Source data:
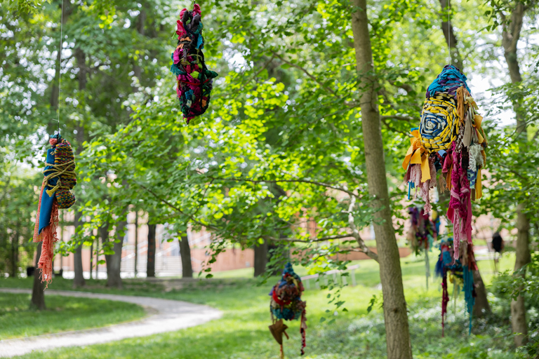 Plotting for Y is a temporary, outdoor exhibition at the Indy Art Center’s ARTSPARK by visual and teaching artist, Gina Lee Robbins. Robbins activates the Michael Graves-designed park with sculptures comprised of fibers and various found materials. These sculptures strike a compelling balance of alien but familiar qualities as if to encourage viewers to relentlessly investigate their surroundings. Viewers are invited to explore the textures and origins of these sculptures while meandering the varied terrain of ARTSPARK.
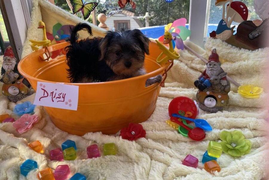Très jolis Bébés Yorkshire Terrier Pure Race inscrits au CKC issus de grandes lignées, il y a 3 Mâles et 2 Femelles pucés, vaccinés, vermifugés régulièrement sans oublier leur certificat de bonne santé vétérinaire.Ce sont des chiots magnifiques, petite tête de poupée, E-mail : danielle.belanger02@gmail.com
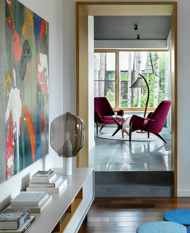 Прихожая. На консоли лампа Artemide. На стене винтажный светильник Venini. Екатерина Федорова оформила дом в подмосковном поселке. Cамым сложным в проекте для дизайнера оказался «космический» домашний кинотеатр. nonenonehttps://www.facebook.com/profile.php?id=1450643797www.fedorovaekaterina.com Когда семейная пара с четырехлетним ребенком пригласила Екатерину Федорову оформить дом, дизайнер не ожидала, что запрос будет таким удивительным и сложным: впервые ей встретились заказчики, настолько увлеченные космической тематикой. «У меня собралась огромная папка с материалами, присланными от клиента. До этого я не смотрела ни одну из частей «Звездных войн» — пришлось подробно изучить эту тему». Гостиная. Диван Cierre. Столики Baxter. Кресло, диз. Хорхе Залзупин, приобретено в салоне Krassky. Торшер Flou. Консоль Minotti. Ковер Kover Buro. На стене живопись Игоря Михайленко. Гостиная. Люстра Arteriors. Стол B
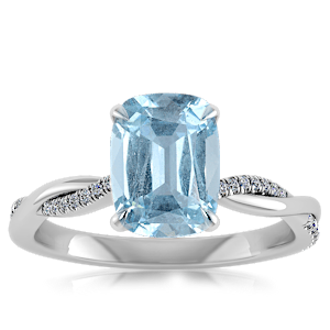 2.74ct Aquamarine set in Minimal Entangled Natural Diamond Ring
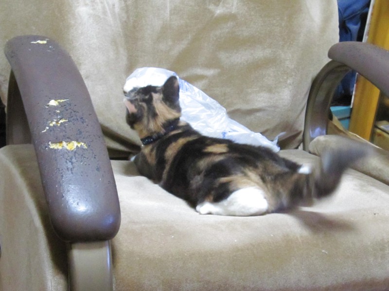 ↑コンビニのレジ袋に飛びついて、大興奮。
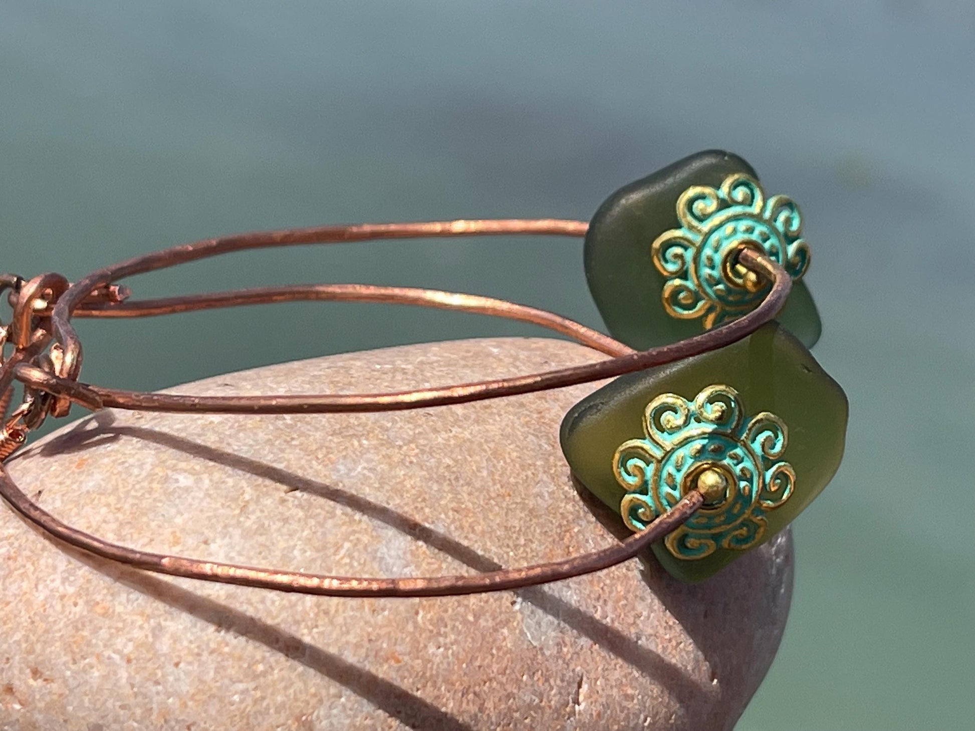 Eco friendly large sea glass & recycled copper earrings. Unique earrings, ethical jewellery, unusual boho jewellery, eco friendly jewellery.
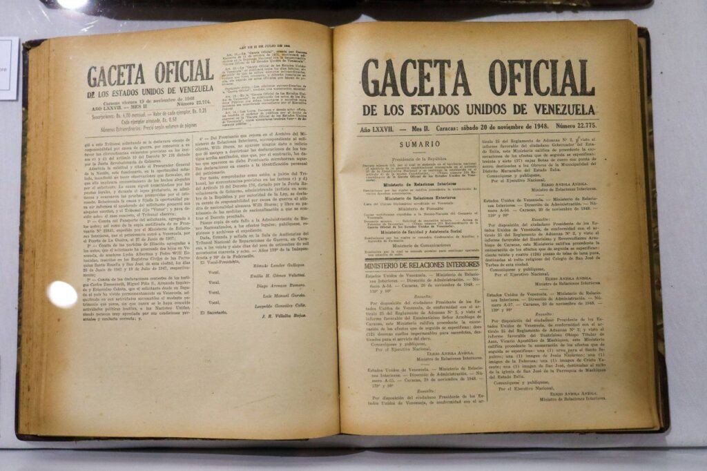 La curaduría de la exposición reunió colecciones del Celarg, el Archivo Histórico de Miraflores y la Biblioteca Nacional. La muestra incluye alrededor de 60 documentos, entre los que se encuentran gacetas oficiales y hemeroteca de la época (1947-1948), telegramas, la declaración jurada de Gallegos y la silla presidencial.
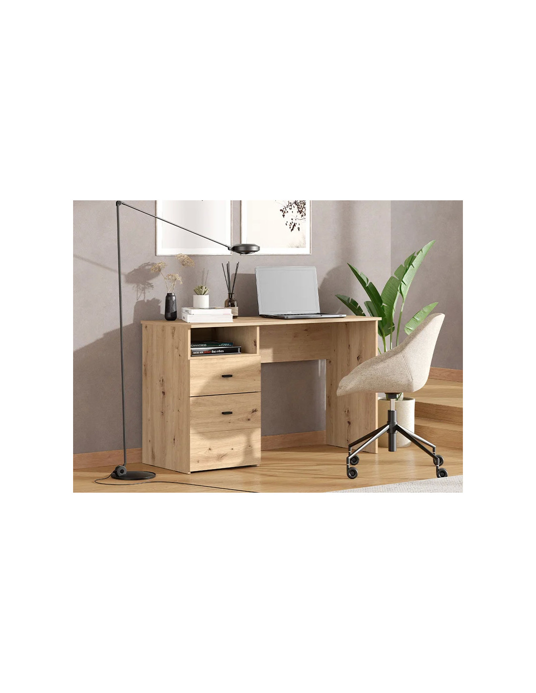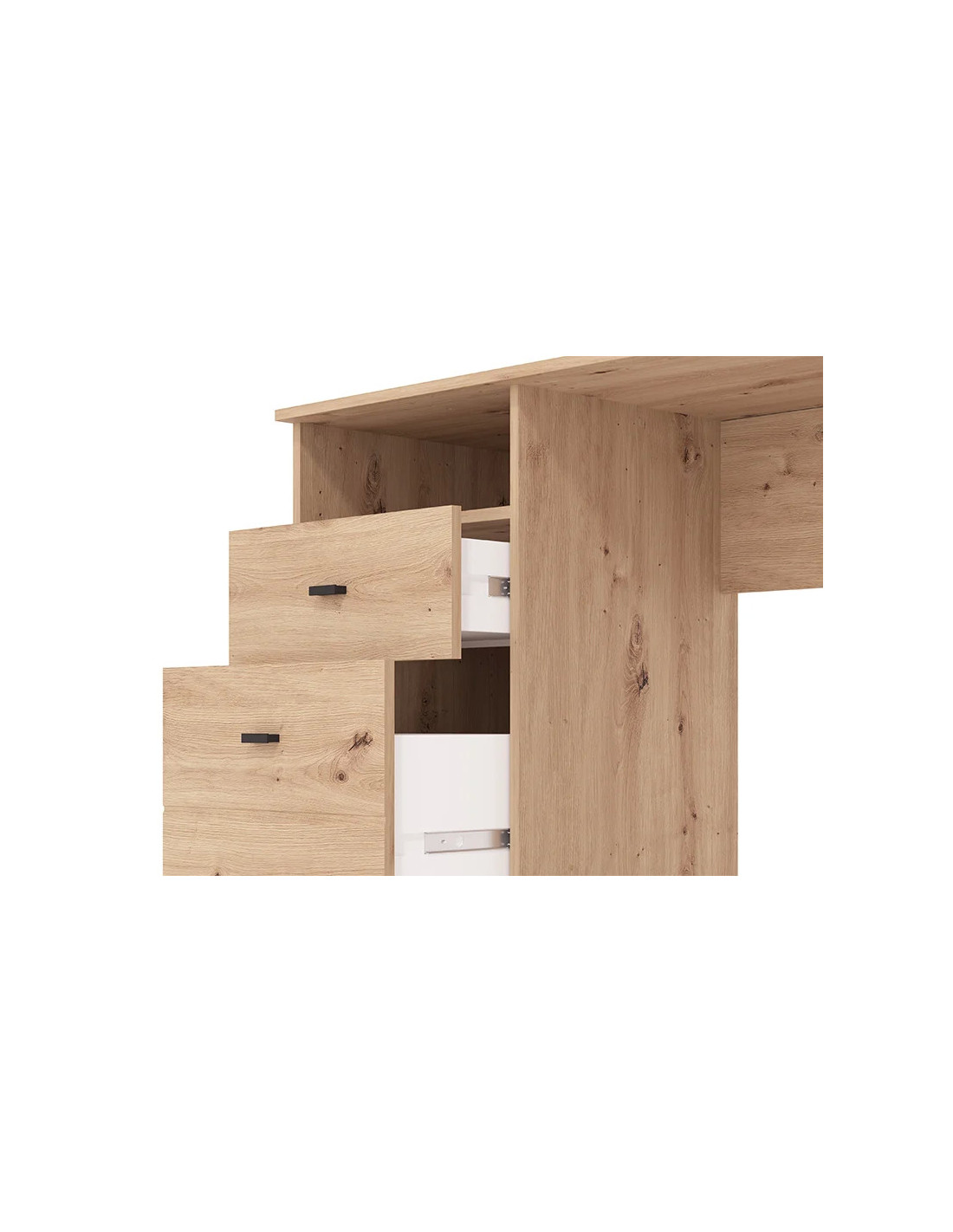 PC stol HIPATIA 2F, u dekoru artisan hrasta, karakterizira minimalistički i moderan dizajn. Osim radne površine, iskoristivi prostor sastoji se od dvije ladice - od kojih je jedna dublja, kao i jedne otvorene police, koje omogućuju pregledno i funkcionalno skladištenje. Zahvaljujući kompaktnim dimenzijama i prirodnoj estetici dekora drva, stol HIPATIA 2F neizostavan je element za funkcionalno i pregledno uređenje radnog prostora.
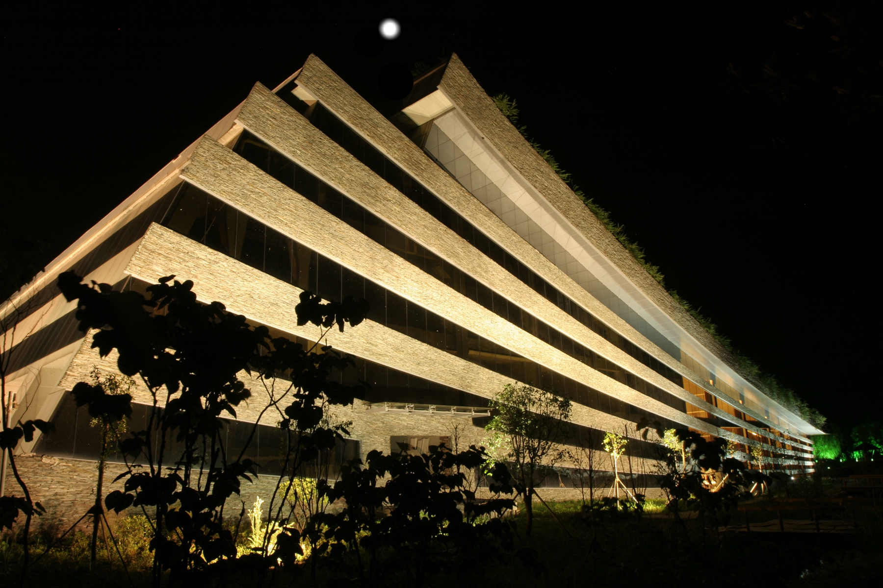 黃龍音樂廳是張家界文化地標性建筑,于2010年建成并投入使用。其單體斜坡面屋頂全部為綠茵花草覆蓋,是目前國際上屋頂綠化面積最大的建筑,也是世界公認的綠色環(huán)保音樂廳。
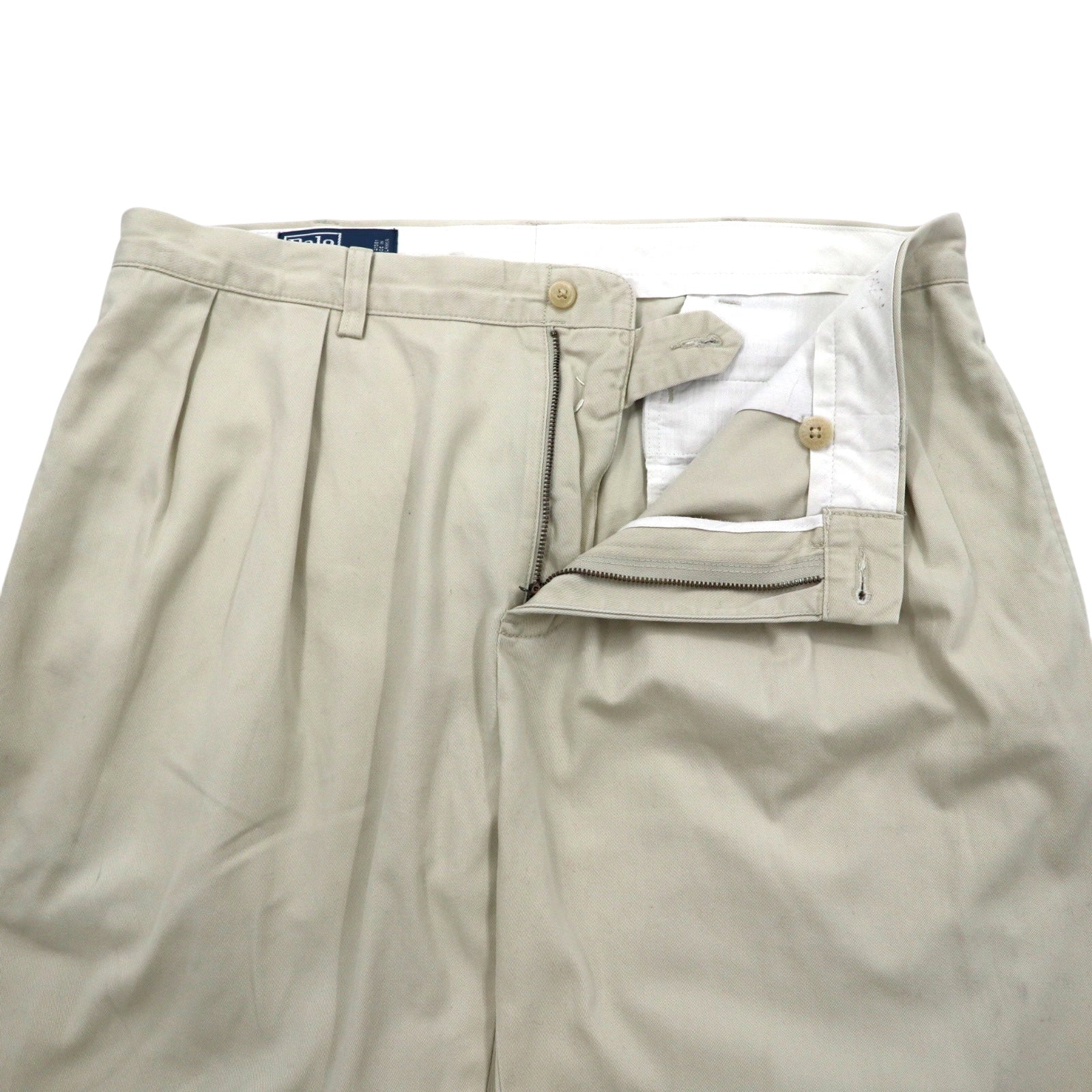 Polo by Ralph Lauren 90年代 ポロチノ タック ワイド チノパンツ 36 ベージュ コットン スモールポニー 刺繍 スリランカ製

Exercise requirements:
Write out exactly the lines from the line that contains "黃龍音樂廳是張家界文化地標性" through the end of the material, including both ends. No pictures belong in the copy.

Answer for the task:
 黃龍音樂廳是張家界文化地標性建筑,于2010年建成并投入使用。其單體斜坡面屋頂全部為綠茵花草覆蓋,是目前國際上屋頂綠化面積最大的建筑,也是世界公認的綠色環(huán)保音樂廳。
 Polo by Ralph Lauren 90年代 ポロチノ タック ワイド チノパンツ 36 ベージュ コットン スモールポニー 刺繍 スリランカ製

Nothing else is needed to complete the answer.